= EXERCISE GOAL =
What you give back should be exactly the lines from the one with "近日,市环境监测中心站收到一" through the final line of the material, pictures removed; please add nothing.
== Segment start ==
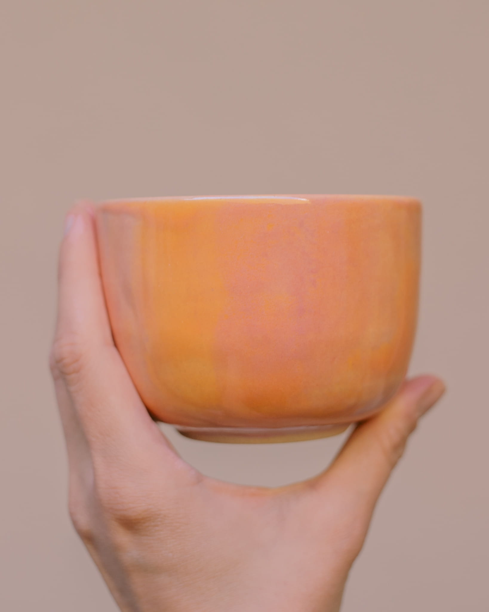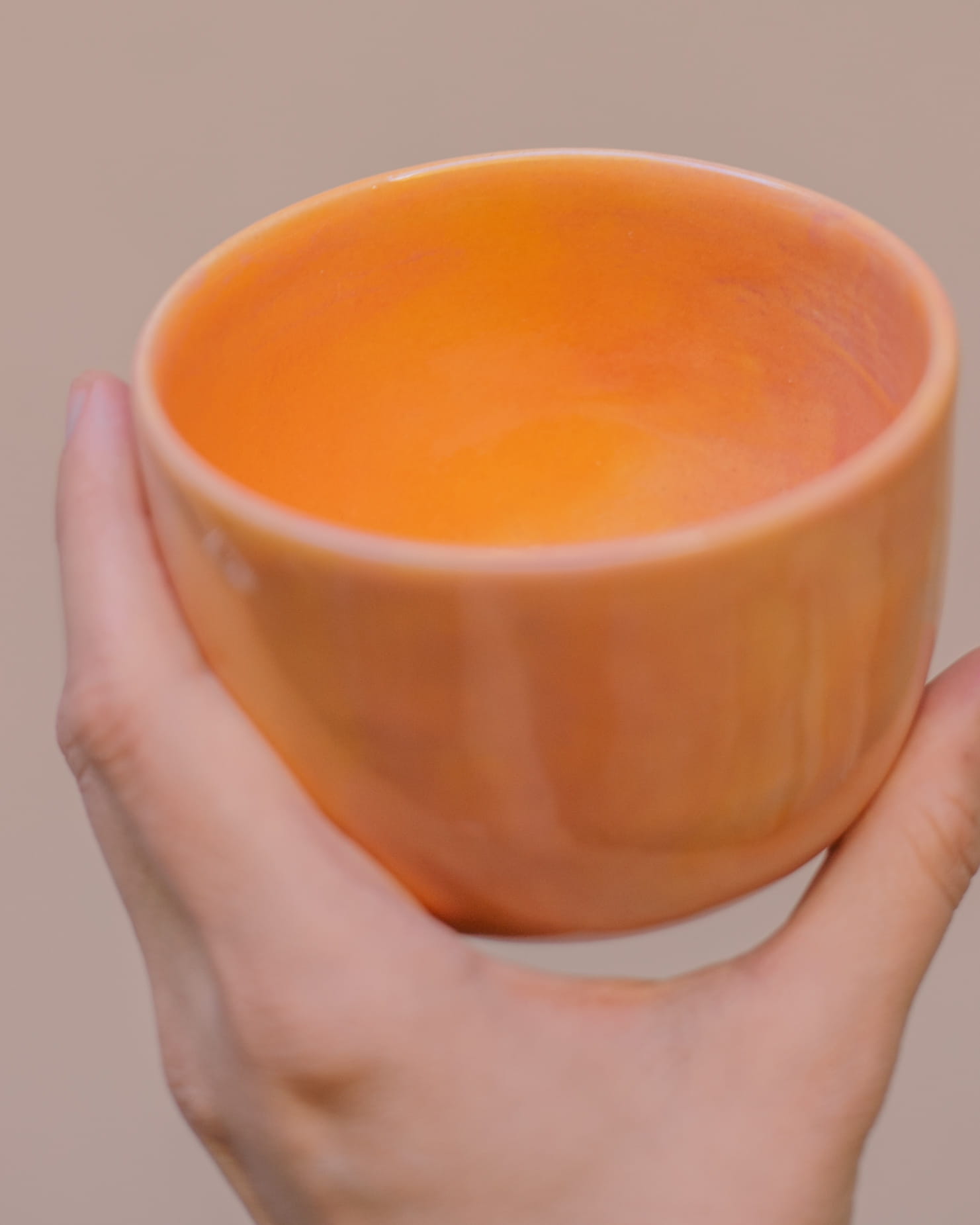 Ręcznie wykonana i szkliwiona czarka bez ucha, w kolorach zachodzącego słońca.
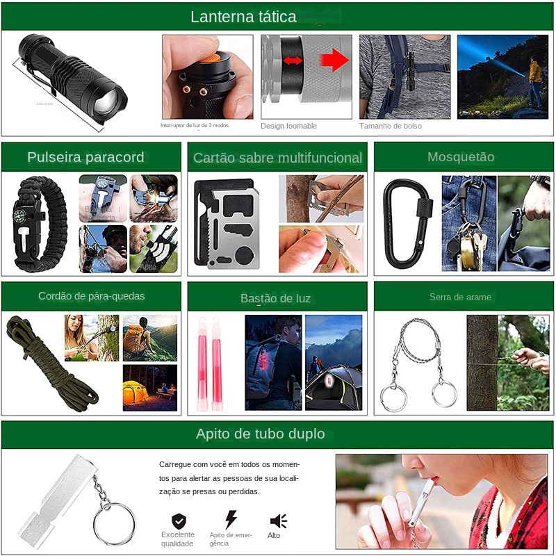 Mochila de Emergência 29 itens Kit sobrevivência EDC Primeiros Socorros Militar Acampamento Tático Camping Acampamento.
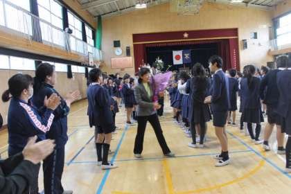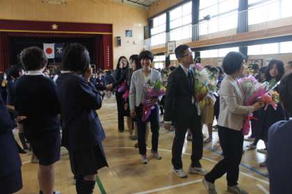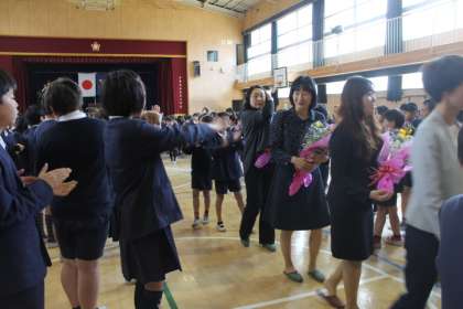 教職員の方々の退場。子どもたちも涙々。別れを惜しみました。
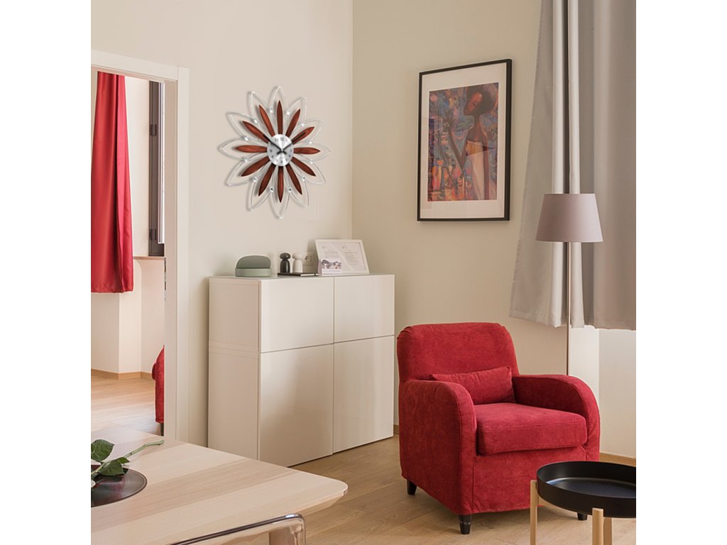 Designové hodiny LAVVU mají průměr 49 cm a jsou vyrobeny z vysoce kvalitního kovu s dýhovanými dřevěnými lístky ve tvaru květiny.
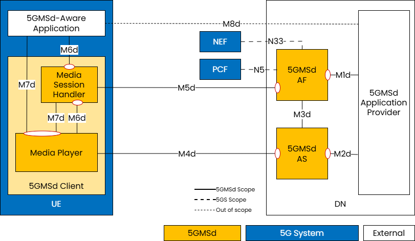 | M5d | Media Session Handling API | Control-plane APIs between the 5GMSd AF and Media Session Handler for session control, QoE reporting, and security (auth/auth). |
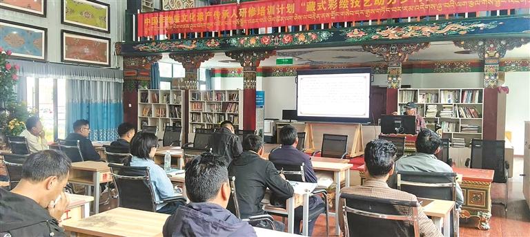 加措在“藏式彩绘技艺助力乡村振兴技能研修班”中为学员讲解传统藏式木雕和彩绘技艺。记者格桑伦珠摄
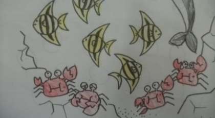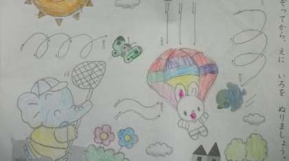 このプリントは,1年生のお友達のものです。とてもていねいに取り組んでいますね。表紙の絵にも色を塗ってくれました。すてきですね。
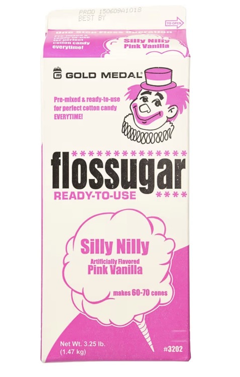 3.25lb - Blue Raspberry sugar floss w/50 conesCotton Candy Machine:3.25lb - Blue Raspberry sugar floss w/50 cones1Dropdown02701173_31531150000Looking for a delicious and easy-to-serve treat to entertain your guests at your upcoming event? Look no further than our Blue Raspberry sugar floss with 60 cones! Our rich and flavorful sugar floss is sure to satisfy your sweet tooth and leave your guests smiling. This package includes enough sugar floss and cones to serve a crowd, making it the perfect addition to any party, fair, or carnival. So what are you waiting for? Order now and let the fun begin! 3.25lb Pink Vanilla Floss Sugar w/ 50 conesCotton Candy Machine:3.25lb Pink Vanilla Floss Sugar w/ 50 cones1Dropdown02701173_31531210000Bring a sweet, carnival-style treat to your event with this 3.25 lb tub of pink vanilla floss sugar plus 50 cones. Perfect for parties, fundraisers, or family gatherings, the pre-measured sugar delivers that classic pink, vanilla cotton candy flavor, while the included cones let you serve up to 50 fluffy servings without hunting for supplies. Easy to use with any standard commercial cotton candy machine, this kit keeps setup and cleanup simple and helps create a colorful, nostalgic centerpiece that guests of all ages will love.
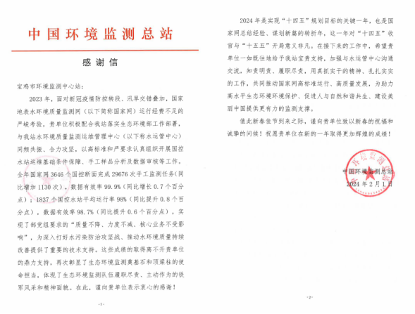 近日,市环境监测中心站收到一封来自中国环境监测总站的感谢信,对中心站在深入打好水污染防治攻坚战、推动水环境质量持续改善中所做的贡献表示感谢。
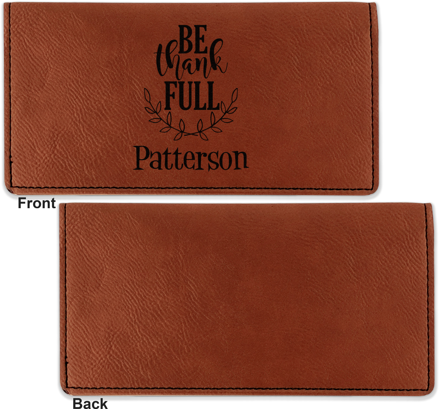 Go into our design center to start personalizing. Your checkbook cover will be laser engraved, making the graphic or text a black color. Choose a fun saying, monogram, or font to go on your checkbook cover. You have the opportunity to do it double or single sided.
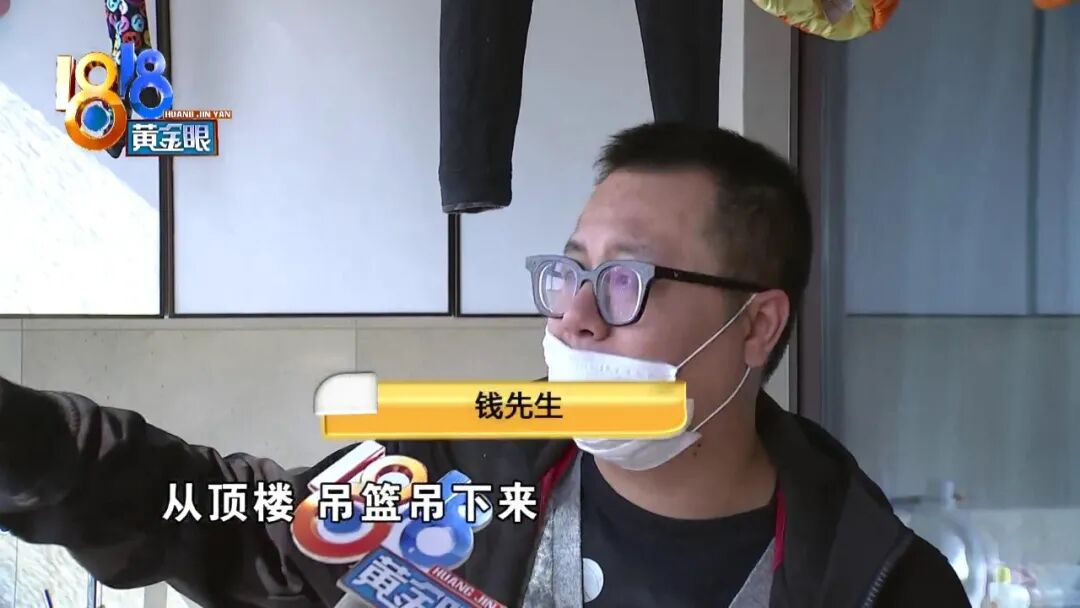 钱先生:“物业通过蜘蛛人的方式,从顶楼把吊篮吊下来,把我这个外墙的四张玻璃全部敲碎了,现在就是裂在那里。这个影响显而易见,现在这样我过年期间我也过不了了,现在所有的工人都放假了,玻璃也订不到了,这样敞在那里;第二个就是,我住在19楼,这个玻璃如果掉下去了,砸到下面的人,这个责任谁来承担。”
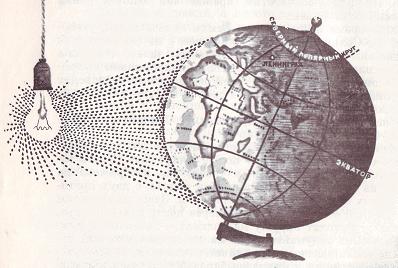 Смену дня и ночи можно устроить и на нашем глобусе. Поставьте его против лампы и заставьте вертеться вокруг своей оси (не воображаемой, а самой настоящей железной палочки!), и вы увидите, как одна сторона освещается, а другая остается в тени, потом она постепенно выходит из тени, на ней светло, а на противоположной — стало темно.
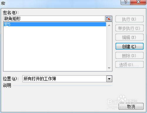 4.写明VBA代码名称,然后点击“建立”按钮。
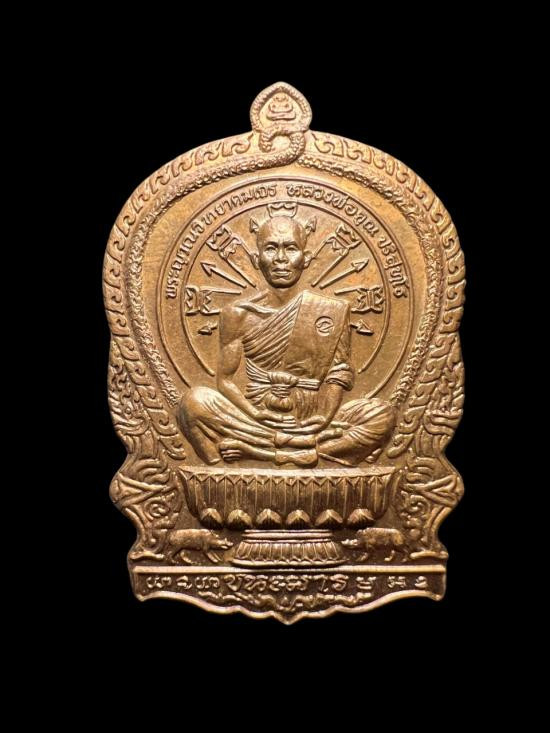 **แดง150***เหรียญหลวงพ่อคูณ-หลวงพ่อถนอม วัดเจริญพรตสร้าง เนื้อทองแดงรมดำ(มีจาร)ปี 2538 |
== Segment end ==
= SOLUTION TO THIS EXERCISE =
 近日,市环境监测中心站收到一封来自中国环境监测总站的感谢信,对中心站在深入打好水污染防治攻坚战、推动水环境质量持续改善中所做的贡献表示感谢。
 Go into our design center to start personalizing. Your checkbook cover will be laser engraved, making the graphic or text a black color. Choose a fun saying, monogram, or font to go on your checkbook cover. You have the opportunity to do it double or single sided.
 钱先生:“物业通过蜘蛛人的方式,从顶楼把吊篮吊下来,把我这个外墙的四张玻璃全部敲碎了,现在就是裂在那里。这个影响显而易见,现在这样我过年期间我也过不了了,现在所有的工人都放假了,玻璃也订不到了,这样敞在那里;第二个就是,我住在19楼,这个玻璃如果掉下去了,砸到下面的人,这个责任谁来承担。”
 Смену дня и ночи можно устроить и на нашем глобусе. Поставьте его против лампы и заставьте вертеться вокруг своей оси (не воображаемой, а самой настоящей железной палочки!), и вы увидите, как одна сторона освещается, а другая остается в тени, потом она постепенно выходит из тени, на ней светло, а на противоположной — стало темно.
 4.写明VBA代码名称,然后点击“建立”按钮。
 **แดง150***เหรียญหลวงพ่อคูณ-หลวงพ่อถนอม วัดเจริญพรตสร้าง เนื้อทองแดงรมดำ(มีจาร)ปี 2538 |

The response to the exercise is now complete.